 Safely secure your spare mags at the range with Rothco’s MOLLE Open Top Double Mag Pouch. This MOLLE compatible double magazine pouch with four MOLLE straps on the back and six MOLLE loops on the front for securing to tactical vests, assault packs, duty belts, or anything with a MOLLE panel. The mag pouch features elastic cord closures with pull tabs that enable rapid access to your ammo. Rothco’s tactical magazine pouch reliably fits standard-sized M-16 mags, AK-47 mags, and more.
----------
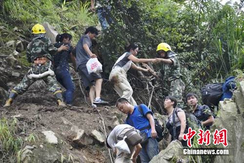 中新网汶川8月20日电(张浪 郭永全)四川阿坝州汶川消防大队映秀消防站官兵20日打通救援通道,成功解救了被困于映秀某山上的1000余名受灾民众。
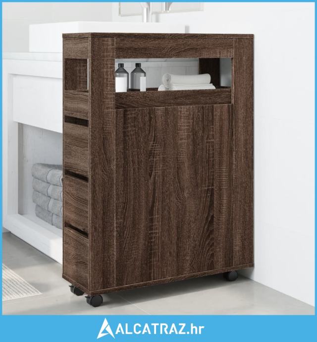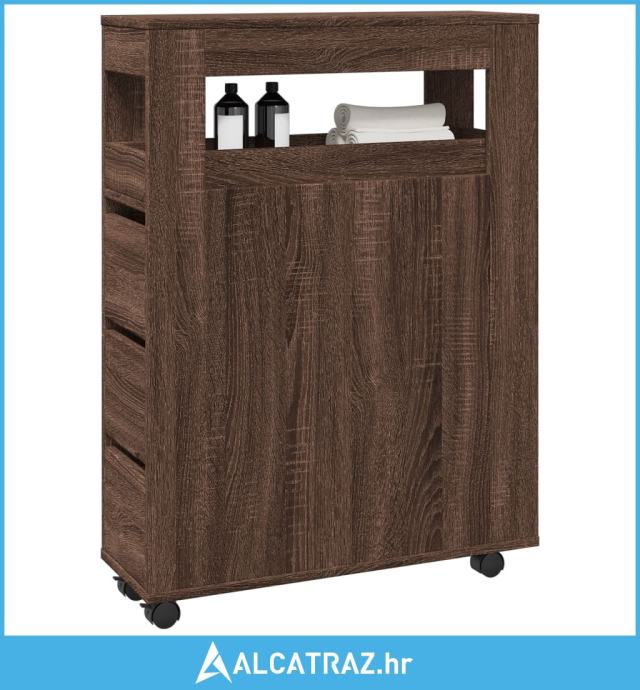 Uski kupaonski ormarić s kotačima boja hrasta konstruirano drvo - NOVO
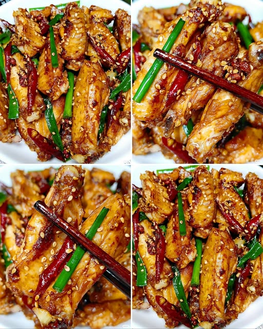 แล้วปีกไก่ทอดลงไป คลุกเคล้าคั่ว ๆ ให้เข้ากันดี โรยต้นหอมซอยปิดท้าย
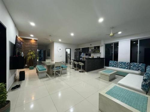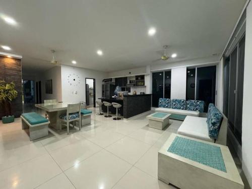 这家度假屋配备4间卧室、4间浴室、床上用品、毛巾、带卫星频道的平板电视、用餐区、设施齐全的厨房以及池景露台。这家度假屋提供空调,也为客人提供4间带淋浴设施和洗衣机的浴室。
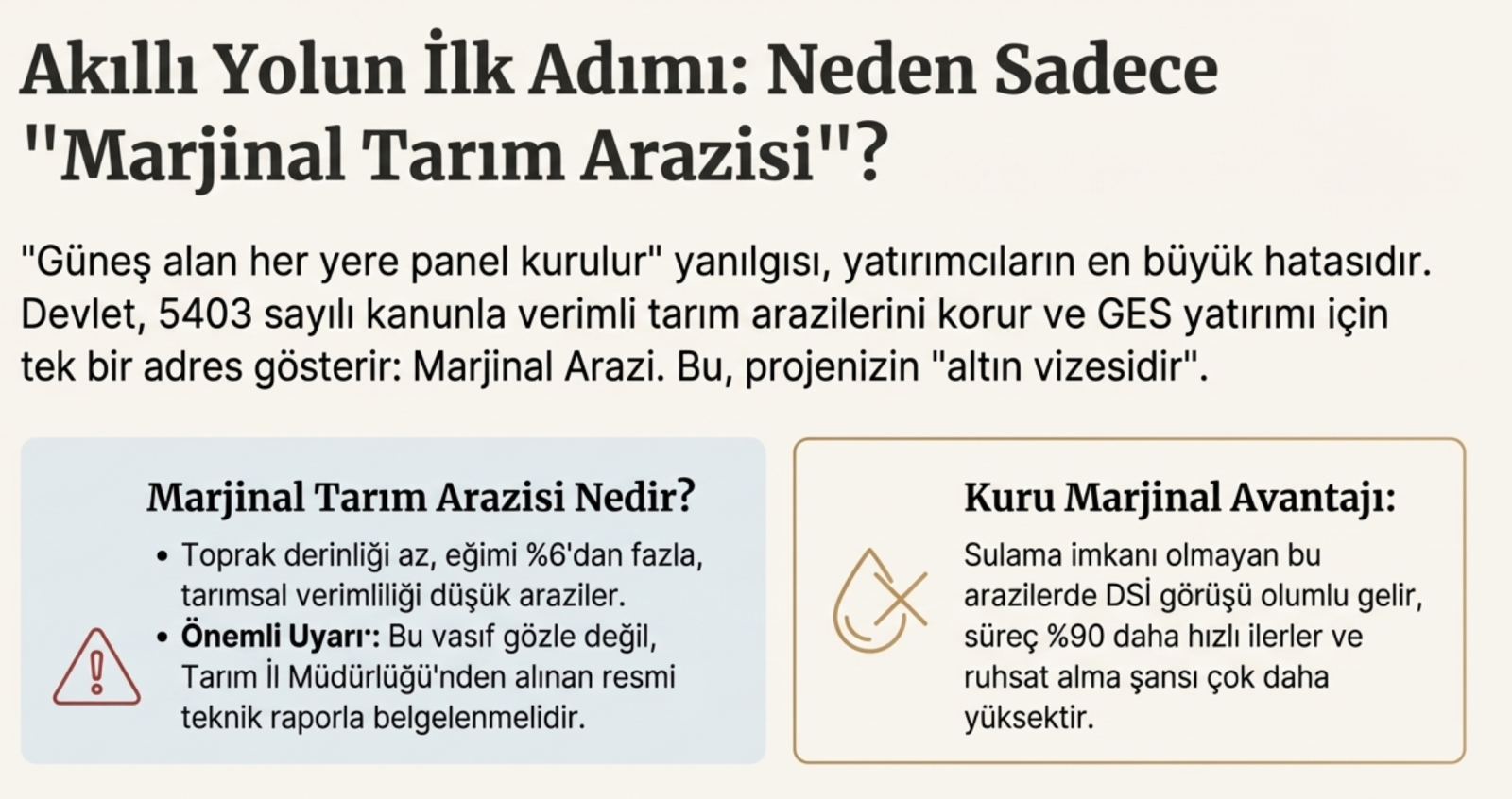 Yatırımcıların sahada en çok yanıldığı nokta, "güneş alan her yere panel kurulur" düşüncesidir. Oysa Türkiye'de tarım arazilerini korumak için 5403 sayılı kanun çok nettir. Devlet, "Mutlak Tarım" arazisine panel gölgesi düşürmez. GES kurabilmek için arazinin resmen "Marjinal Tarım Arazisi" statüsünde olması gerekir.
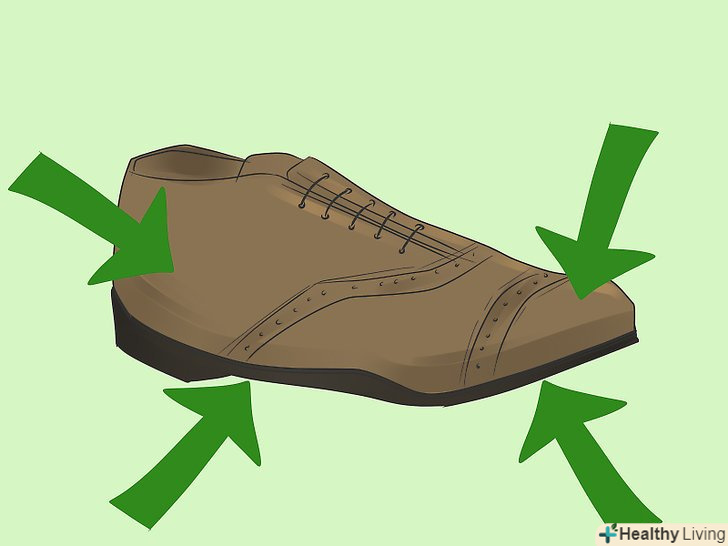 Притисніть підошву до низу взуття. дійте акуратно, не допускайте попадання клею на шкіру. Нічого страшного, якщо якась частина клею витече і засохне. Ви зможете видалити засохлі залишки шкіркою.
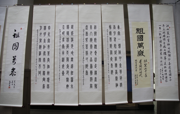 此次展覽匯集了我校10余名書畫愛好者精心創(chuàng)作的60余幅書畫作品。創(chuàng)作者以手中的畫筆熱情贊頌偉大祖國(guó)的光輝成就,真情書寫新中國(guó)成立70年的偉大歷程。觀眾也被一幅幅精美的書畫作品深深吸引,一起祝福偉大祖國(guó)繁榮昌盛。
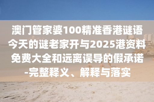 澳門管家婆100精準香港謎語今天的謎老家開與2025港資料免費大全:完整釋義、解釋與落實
----------
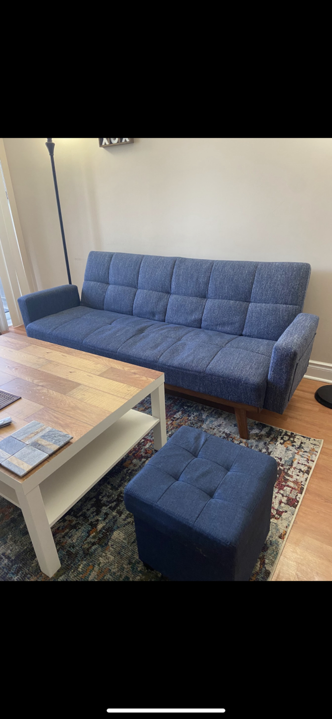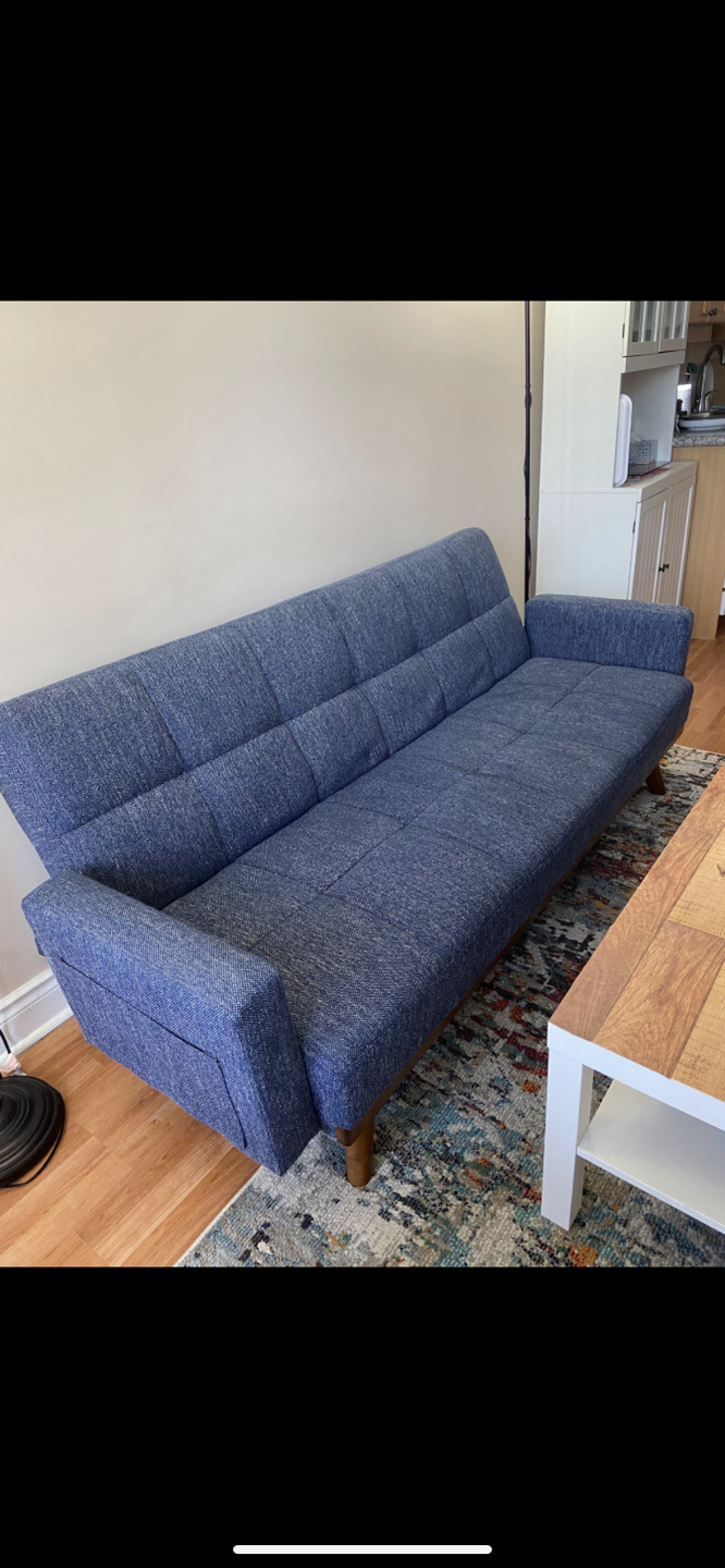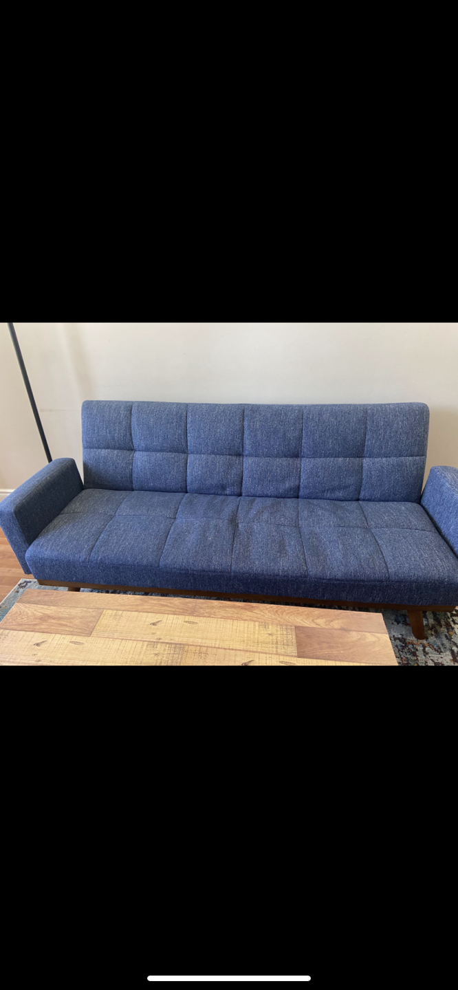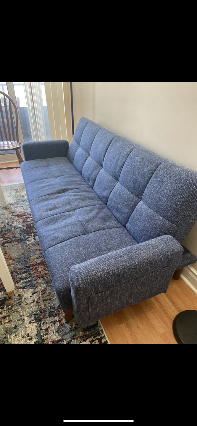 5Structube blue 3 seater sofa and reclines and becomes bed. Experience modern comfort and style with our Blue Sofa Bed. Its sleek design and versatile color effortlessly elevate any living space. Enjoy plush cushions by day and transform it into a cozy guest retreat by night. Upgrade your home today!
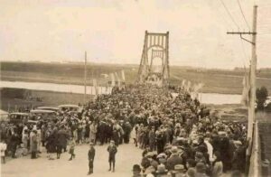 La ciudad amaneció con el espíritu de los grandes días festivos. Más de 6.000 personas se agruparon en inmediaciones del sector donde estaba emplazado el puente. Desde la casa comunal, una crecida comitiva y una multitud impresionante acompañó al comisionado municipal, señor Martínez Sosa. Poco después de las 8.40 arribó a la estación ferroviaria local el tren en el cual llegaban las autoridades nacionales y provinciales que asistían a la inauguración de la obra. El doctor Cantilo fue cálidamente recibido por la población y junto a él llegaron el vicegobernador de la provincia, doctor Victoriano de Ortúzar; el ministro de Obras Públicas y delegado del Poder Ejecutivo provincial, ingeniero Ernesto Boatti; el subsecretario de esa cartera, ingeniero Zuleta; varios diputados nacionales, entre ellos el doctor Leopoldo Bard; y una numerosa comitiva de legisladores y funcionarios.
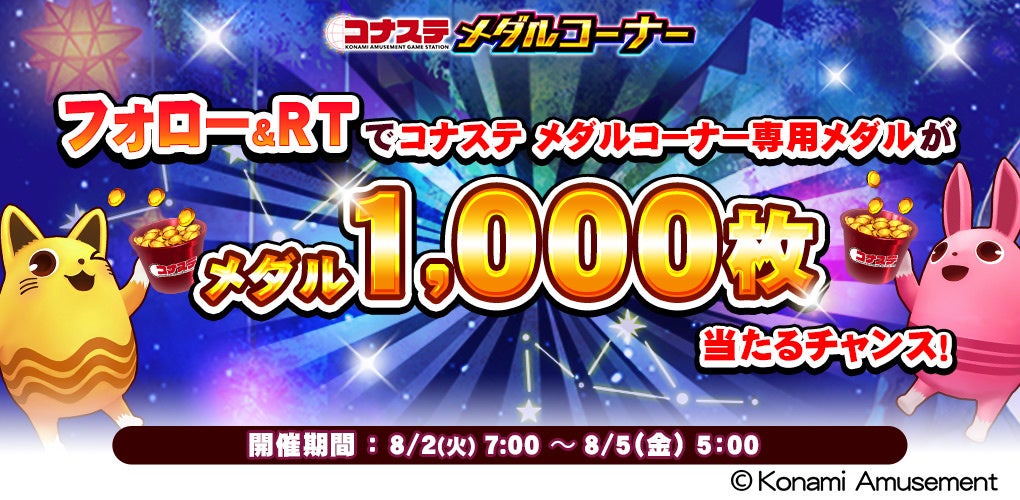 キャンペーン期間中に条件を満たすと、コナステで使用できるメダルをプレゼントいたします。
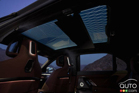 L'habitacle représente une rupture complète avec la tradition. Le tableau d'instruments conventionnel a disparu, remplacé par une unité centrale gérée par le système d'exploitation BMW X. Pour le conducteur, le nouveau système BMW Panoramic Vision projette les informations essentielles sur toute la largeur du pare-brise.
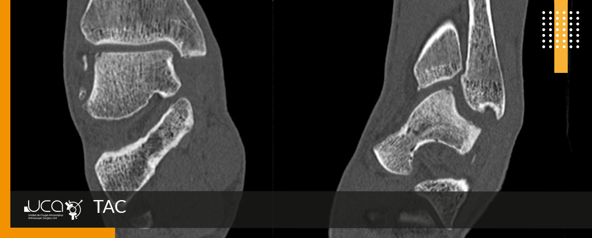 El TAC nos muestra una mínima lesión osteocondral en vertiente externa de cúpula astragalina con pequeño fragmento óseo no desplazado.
----------
Required work: All pictures are to be skipped. Output, word for word, the lines in the data above starting at the line containing "Yatırımcıların sahada en" and ending at the line containing "澳門管家婆100精準香港謎語".

Written answer:
 Yatırımcıların sahada en çok yanıldığı nokta, "güneş alan her yere panel kurulur" düşüncesidir. Oysa Türkiye'de tarım arazilerini korumak için 5403 sayılı kanun çok nettir. Devlet, "Mutlak Tarım" arazisine panel gölgesi düşürmez. GES kurabilmek için arazinin resmen "Marjinal Tarım Arazisi" statüsünde olması gerekir.
 Притисніть підошву до низу взуття. дійте акуратно, не допускайте попадання клею на шкіру. Нічого страшного, якщо якась частина клею витече і засохне. Ви зможете видалити засохлі залишки шкіркою.
 此次展覽匯集了我校10余名書畫愛好者精心創(chuàng)作的60余幅書畫作品。創(chuàng)作者以手中的畫筆熱情贊頌偉大祖國(guó)的光輝成就,真情書寫新中國(guó)成立70年的偉大歷程。觀眾也被一幅幅精美的書畫作品深深吸引,一起祝福偉大祖國(guó)繁榮昌盛。
 澳門管家婆100精準香港謎語今天的謎老家開與2025港資料免費大全:完整釋義、解釋與落實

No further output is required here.